Perf.java results with JVM args: -Xmx256 -Xms256 -server -XX:+UseParallelGC
-XX:+UseCompressedOops
and params: -nowrite -generic -generic-onetime
before:
{code}
Executing tests:
[GenericTest, GenericNested, GenericNestedFake, GenericWithDefault,
GenericWithOutOfOrder, GenericWithPromotion, GenericOneTimeDecoderUse,
GenericOneTimeReaderUse, GenericOneTimeUse]
readTests:true
writeTests:false
cycles=800
test name time M entries/sec M bytes/sec
bytes/cycle
GenericRead: 5054 ms 3.297 127.953 808498
GenericNested_Read: 7701 ms 2.164 83.980 808498
GenericNestedFake_Read: 2869 ms 5.809 225.433 808498
GenericWithDefault_Read: 8993 ms 1.853 71.922 808498
GenericWithOutOfOrder_Read: 5051 ms 3.300 128.050 808498
GenericWithPromotion_Read: 5210 ms 3.199 124.132 808498
GenericOneTimeDecoderUse_Read: 5060 ms 3.293 127.804 808498
GenericOneTimeReaderUse_Read: 6433 ms 2.590 100.531 808498
GenericOneTimeUse_Read: 6306 ms 2.643 102.558 808498
{code}
After:
{code}
Executing tests:
[GenericTest, GenericNested, GenericNestedFake, GenericWithDefault,
GenericWithOutOfOrder, GenericWithPromotion, GenericOneTimeDecoderUse,
GenericOneTimeReaderUse, GenericOneTimeUse]
readTests:true
writeTests:false
cycles=800
test name time M entries/sec M bytes/sec
bytes/cycle
GenericRead: 18918 ms 0.881 34.189 808498
GenericNested_Read: 21704 ms 0.768 29.800 808498
GenericNestedFake_Read: 2899 ms 5.747 223.037 808498
GenericWithDefault_Read: 25627 ms 0.650 25.238 808498
GenericWithOutOfOrder_Read: 21413 ms 0.778 30.206 808498
GenericWithPromotion_Read: 21254 ms 0.784 30.432 808498
GenericOneTimeDecoderUse_Read: 18831 ms 0.885 34.346 808498
GenericOneTimeReaderUse_Read: 18650 ms 0.894 34.680 808498
GenericOneTimeUse_Read: 18698 ms 0.891 34.592 808498
{code}
I got a few dozen stack traces while the latter was executing, and the most
common stack traces are:
{noformat}
"main" prio=5 tid=103800800 nid=0x100501000 runnable [100500000]
java.lang.Thread.State: RUNNABLE
at org.apache.avro.io.Perf$GenericTest.getReader(Perf.java:1087)
at org.apache.avro.io.Perf$GenericTest.readInternal(Perf.java:1110)
at org.apache.avro.io.Perf$BasicTest.readTest(Perf.java:313)
at org.apache.avro.io.Perf.main(Perf.java:210)
"main" prio=5 tid=103800800 nid=0x100501000 runnable [100500000]
java.lang.Thread.State: RUNNABLE
at java.util.Arrays.copyOf(Arrays.java:2734)

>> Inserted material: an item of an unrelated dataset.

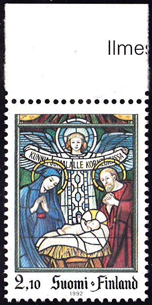 Eine Weihnachtsmarke 1992 aus Finnland (MiNr 1196) bildet die Glasmalerei "Christi Geburt" von Franz Xaver Zettler in der Kirche von Karkkila ab.

at org.apache.avro.io.parsing.Parser.expandStack(Parser.java:66)
at org.apache.avro.io.parsing.Parser.pushProduction(Parser.java:151)

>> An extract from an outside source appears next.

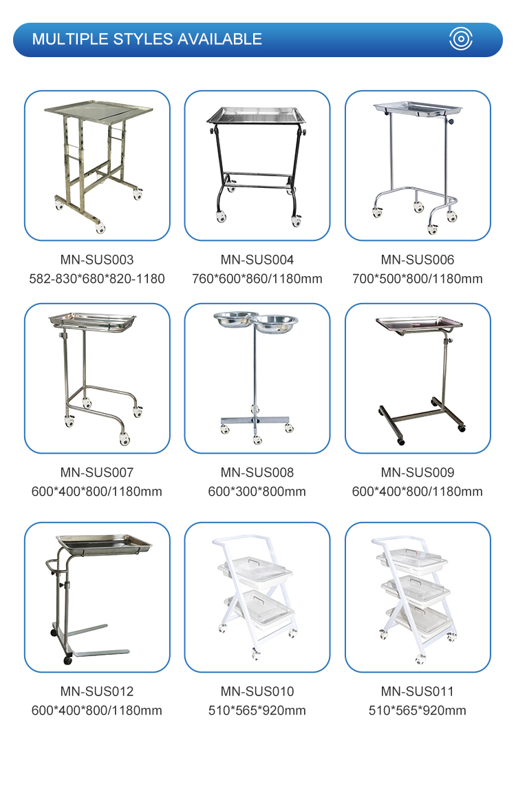 MN-SUS003 Portable Emergency Medical Device Cart Stainless Steel Trolley for Hospital Use

at org.apache.avro.io.parsing.Parser.advance(Parser.java:100)
at
org.apache.avro.io.ResolvingDecoder.readFieldOrder(ResolvingDecoder.java:144)
at
org.apache.avro.generic.GenericDatumReader.readRecord(GenericDatumReader.java:126)
at
org.apache.avro.generic.GenericDatumReader.read(GenericDatumReader.java:102)
at
org.apache.avro.generic.GenericDatumReader.read(GenericDatumReader.java:93)
at org.apache.avro.io.Perf$GenericTest.readInternal(Perf.java:1110)

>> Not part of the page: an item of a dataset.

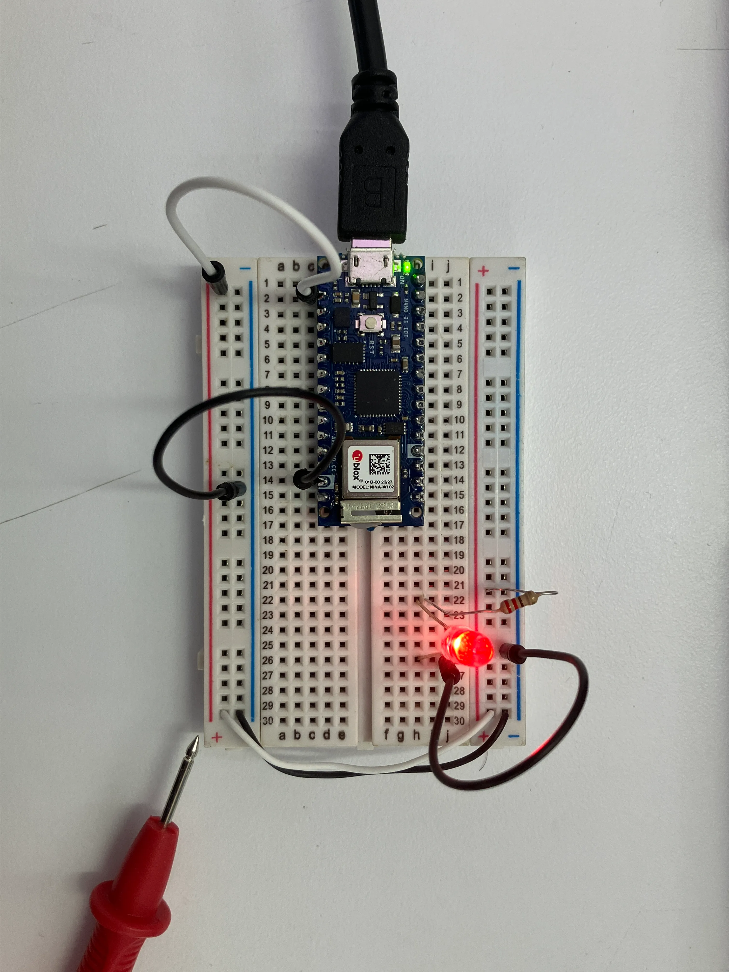 in the below image, the computer gives out 5v, which runs through the breadboard, and lights up the led via the resistor.

at org.apache.avro.io.Perf$BasicTest.readTest(Perf.java:313)
at org.apache.avro.io.Perf.main(Perf.java:210)
{noformat}
> map reduce job for avro 1.5 generates ArrayIndexOutOfBoundsException
> --------------------------------------------------------------------
>
> Key: AVRO-792
> URL: https://issues.apache.org/jira/browse/AVRO-792
> Project: Avro
> Issue Type: Bug
> Components: java
> Affects Versions: 1.5.0
> Environment: Mac with VMWare running Linux training-vm-Ubuntu
> Reporter: ey-chih chow
> Assignee: Thiruvalluvan M. G.
> Priority: Blocker
> Fix For: 1.5.1
>
> Attachments: AVRO-792.patch
>
> Original Estimate: 504h
> Remaining Estimate: 504h
>
> We have an avro map/reduce job used to be working with avro 1.4, but broken
> with avro 1.5. The M/R job with avro 1.5 worked fine under our debugging
> environment, but broken when we moved to a real cluster. At one instance f
> testing, the job had 23 reducers. Four of them succeeded and the rest failed
> because of the ArrayIndexOutOfBoundsException generated. Here are two
> instances of the stack traces:
> =================================================================================
> java.lang.ArrayIndexOutOfBoundsException: -1576799025
> at
> org.apache.avro.io.parsing.Symbol$Alternative.getSymbol(Symbol.java:364)
> at
> org.apache.avro.io.ResolvingDecoder.doAction(ResolvingDecoder.java:229)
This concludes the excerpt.